Map Registration Sensor Package
Map registration is a technique that matches (“registers”) a location in an image to the identical location on a map. Astrobotic’s landing technology registers high-quality, real-time camera images taken during the lander’s descent with terrain maps derived from orbital imagery to achieve safe landing at a precise destination. This capability is key for Astrobotic’s 2015 mission to the Lacus Mortis pit: it enables Astrobotic’s Griffin lander to fly directly over the pit, capturing close-up views of the floor and walls that cannot be seen from orbit or the ground, and then to land within 100m of the pit.
Traditionally, lunar landers have descended blind, using radio to determine their approximate trajectory during descent. They followed a pre-planned trajectory to a final descent altitude near the ground.

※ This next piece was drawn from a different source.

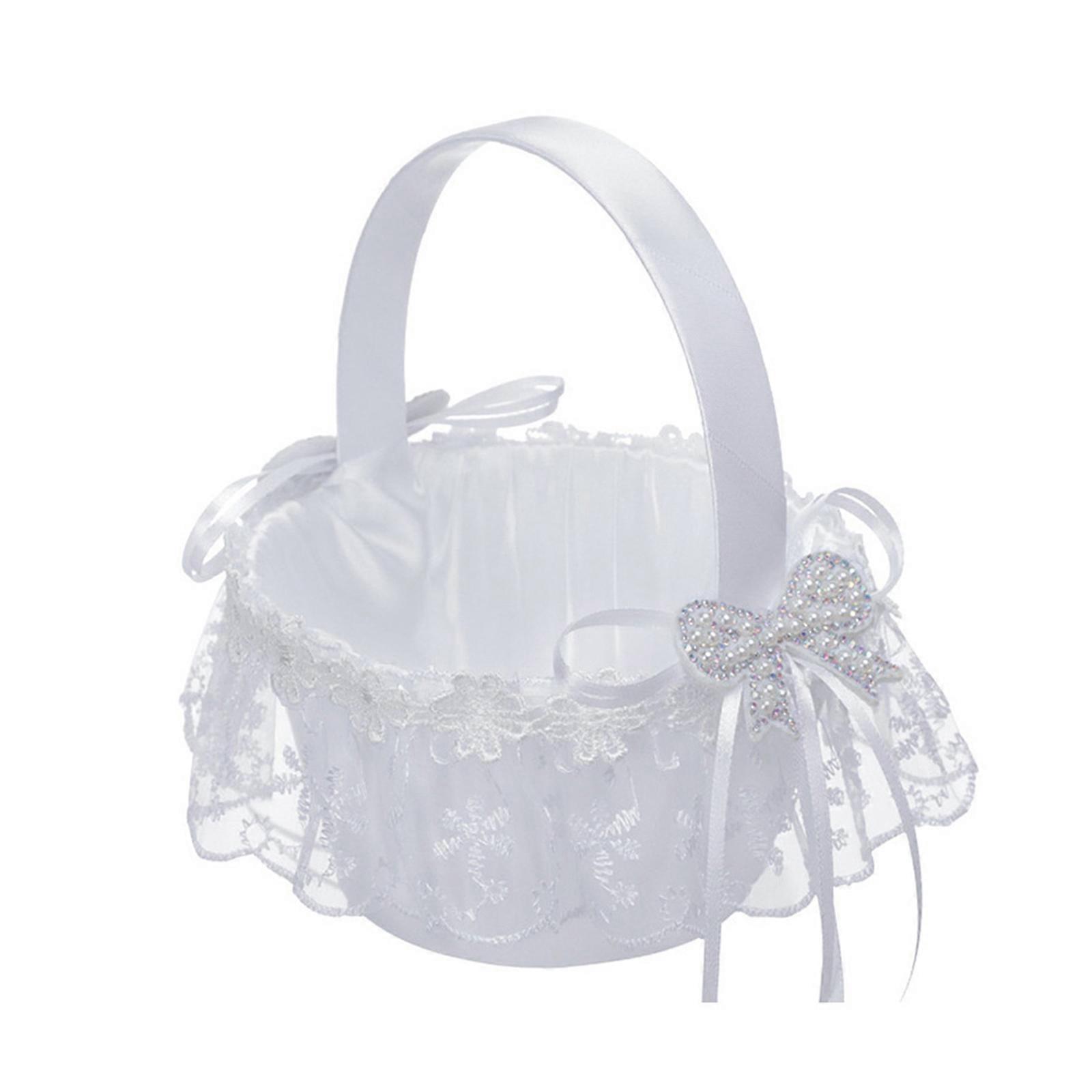 Beautiful Rhinestones Decorated Basket Delicate White Wedding Flower Basket for Wedding Ceremonies

At the final descent altitude, the computer or a human pilot used RADAR to refine the altitude and velocity estimates and gently touch down on whatever happens to lie beneath them. Because of uncertainty in radio localization and variation in lunar gravity, landing using radio and RADAR alone is accurate to approximately 10km. While this accuracy is good enough for landing in flat, safe regions of the Moon, much greater precision is necessary to safely land near a lunar pit or on the rim of a crater.

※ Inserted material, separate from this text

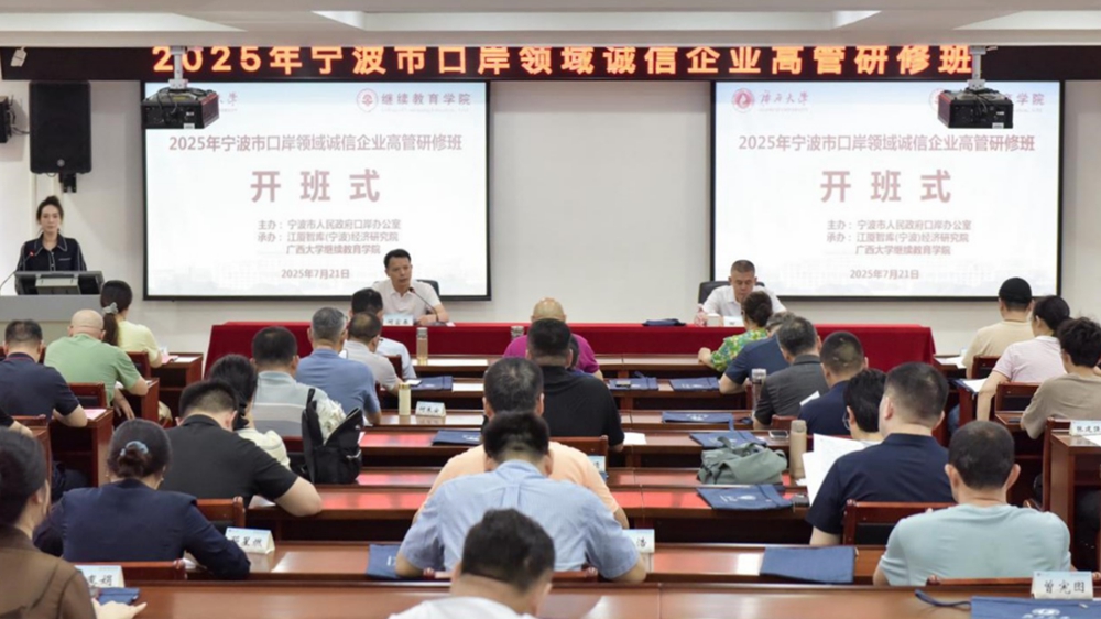 7月21日,2025年宁波市口岸领域诚信企业高管研修班在天博买球开班,宁波市人民政府口岸办公室二级巡视员田雷同志,天博买球院长闭富春同志出席开班式并讲话。

Map registration acts in place of radio orbit determination to provide better than 100m landing accuracy. As the lander descends, on-board cameras image the surface of the Moon. These images are registered to maps from the Lunar Reconnaissance Orbiter so that position and attitude can be triangulated. Velocity is then measured as the rate of change in the triangulated location.

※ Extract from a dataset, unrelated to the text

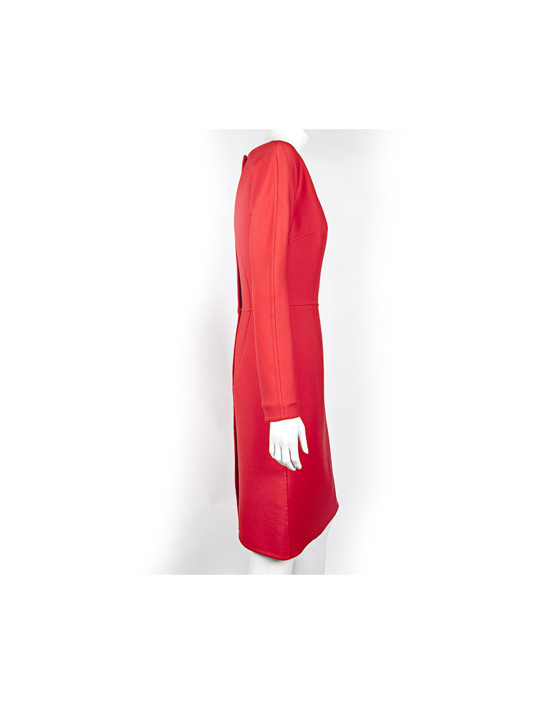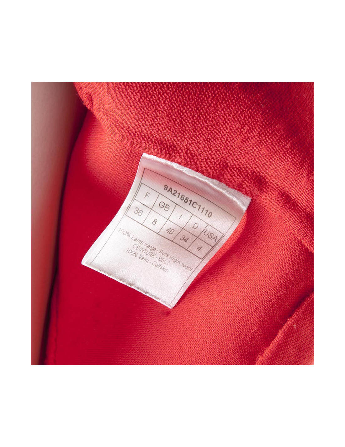 D'un magnifique rouge vif, elle se ferme grâce à une rangée de douze boutons siglés "Dior" au dos, accompagnés de deux niveaux de pression (voir photo).

Over the next four months, Astrobotic will conduct a series of tests to evaluate the performance of its prototype landing sensors and software. One of these tests is to evaluate the map registration accuracy of the proposed sensor package.
The following graphic shows the standalone sensor package that will be used for this testing. The package contains a camera and an IMU (inertial measurement unit) for gathering the data necessary for map registration. It also contains a GPS and compass – which only function on Earth – for comparison to measure the accuracy of the map registration algorithms.The dome-shaped element on top of the sensor box is the GPS. The cut away shows the power board, IMU, compass, and camera. The camera is a machine vision board-level sensor with an attached lens. The camera is relatively low resolution (1.5 MP) with fast frame rate and low distortion, and is optimal for capturing images during descent from 20km to 100m. This sensor package could be used for high-resolution mapping on Earth or the Moon. The software can operate entirely without GPS, which would be a boon for terrestrial-based UAVs. Astrobotic will collect data with this sensor in a series of helicopter and fixed wing flights to evaluate the accuracy of the system at a range of altitudes. A culminating test will integrate the map registration sensor with LIDAR and visual odometry cameras to evaluate accuracy for all phases of landing.